Geocoding addresses in Talend Open Studio for Data Integration

Last week I had to geocode the addresses in a dataset using Talend. Geocoding is adding coordinates to addresses. This way you can easily visualize your data on a map.

I experienced problems when I tried to download some plugins from Talend Exchange but I found this blog post about geocoding without the use of a plugin. The blogpost wasn’t very clear so I decided to write a step-by-step explanation which you can find below. In this guide, we will be using the Google Geocoding API.
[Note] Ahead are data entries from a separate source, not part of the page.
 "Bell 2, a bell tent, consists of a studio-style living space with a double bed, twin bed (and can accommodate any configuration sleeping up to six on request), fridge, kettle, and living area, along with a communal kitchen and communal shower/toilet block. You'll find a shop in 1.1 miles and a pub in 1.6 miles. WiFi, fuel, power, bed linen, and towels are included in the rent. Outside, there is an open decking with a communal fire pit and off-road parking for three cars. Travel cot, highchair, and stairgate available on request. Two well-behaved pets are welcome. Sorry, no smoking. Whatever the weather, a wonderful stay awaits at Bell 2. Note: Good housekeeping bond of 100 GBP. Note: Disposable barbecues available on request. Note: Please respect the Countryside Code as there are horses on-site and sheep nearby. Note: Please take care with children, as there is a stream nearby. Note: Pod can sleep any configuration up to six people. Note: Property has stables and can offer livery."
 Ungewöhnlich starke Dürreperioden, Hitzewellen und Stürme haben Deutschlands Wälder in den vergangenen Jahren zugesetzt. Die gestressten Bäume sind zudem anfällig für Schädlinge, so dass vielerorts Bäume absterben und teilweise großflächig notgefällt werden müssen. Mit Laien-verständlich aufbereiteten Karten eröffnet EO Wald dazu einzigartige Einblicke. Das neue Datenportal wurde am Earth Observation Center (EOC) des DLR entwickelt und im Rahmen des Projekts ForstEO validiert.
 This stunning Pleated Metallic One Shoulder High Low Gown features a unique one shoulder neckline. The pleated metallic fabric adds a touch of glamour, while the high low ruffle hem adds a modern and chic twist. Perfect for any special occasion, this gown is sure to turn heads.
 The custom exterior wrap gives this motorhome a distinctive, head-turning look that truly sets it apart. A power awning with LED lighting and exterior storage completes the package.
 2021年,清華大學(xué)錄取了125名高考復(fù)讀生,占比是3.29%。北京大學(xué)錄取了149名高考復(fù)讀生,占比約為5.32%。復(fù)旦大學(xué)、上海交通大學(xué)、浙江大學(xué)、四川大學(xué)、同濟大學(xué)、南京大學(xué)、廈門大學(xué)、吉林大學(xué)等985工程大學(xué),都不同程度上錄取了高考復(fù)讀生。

  1. Map your location dataset (with a tMap) to 2 columns: an unique ID of your location and a concatenated string containing the location address. I used one of Talend’s built-in StringHandling-functions.


    My first column was called LOCATION_ID and my second column was called LOCATION_CONCAT_ADDRESS. Make sure to remember the name of your output. I named mine LocConcatOut.

  2. Next, connect your output from the tMap to a tFlowToIterate component to start processing all records one by one.

  3. The output from the tFlowToIterate has to be connected to a new tFileInputJson component. You can change the number of parallel iterations to speed up the geocoding. In the tFileInputJson component, check the Use Url option and enter the following URL:

        https://maps.googleapis.com/maps/api/geocode/json?address= + ((String)globalMap.get("LocConcatOut.LOCATION_CONCAT_ADDRESS"))

    Add + "&key=YourAPIkey" if you would like to use your own API key for the Google Geocoding API.

    Edit the schema for this component and make sure it contains 2 columns: LATITUDE and LONGITUDE. Their type should be float, nullable.

    In the mapping, LATITUDE should be set to "$.results[0].geometry.location.lat" and LONGITUDE should be set to "$.results[0].geometry.location.lng".

  4. Now we’re going to map the coordinates back to the UIDs. Add another tMap component at the end. Create a new output, map the 2 coordinates from the tFileInputJson to identical columns in the new tMap and create a new column with a primary key. Enter the following for the value of this key (my keys are integers):

  5. Finally connect the output from the tMap component to a tBufferOutput. That ends the loop started with the tFlowToIterate component.

  6. The previously mentioned components should all be put in the same subjob. Use a trigger like OnSubjobOk to start your next job after this one is completed. You can find all the location identifiers with their coordinates in the tBufferInput component. This is easily mapped (joined) to the original locations dataset using a tMap. Make sure to set the correct data types in the mapping (1 integer and 2 floats) for the tBufferInput component.

I hope my guide is clear, but you can always tweet me with any further questions.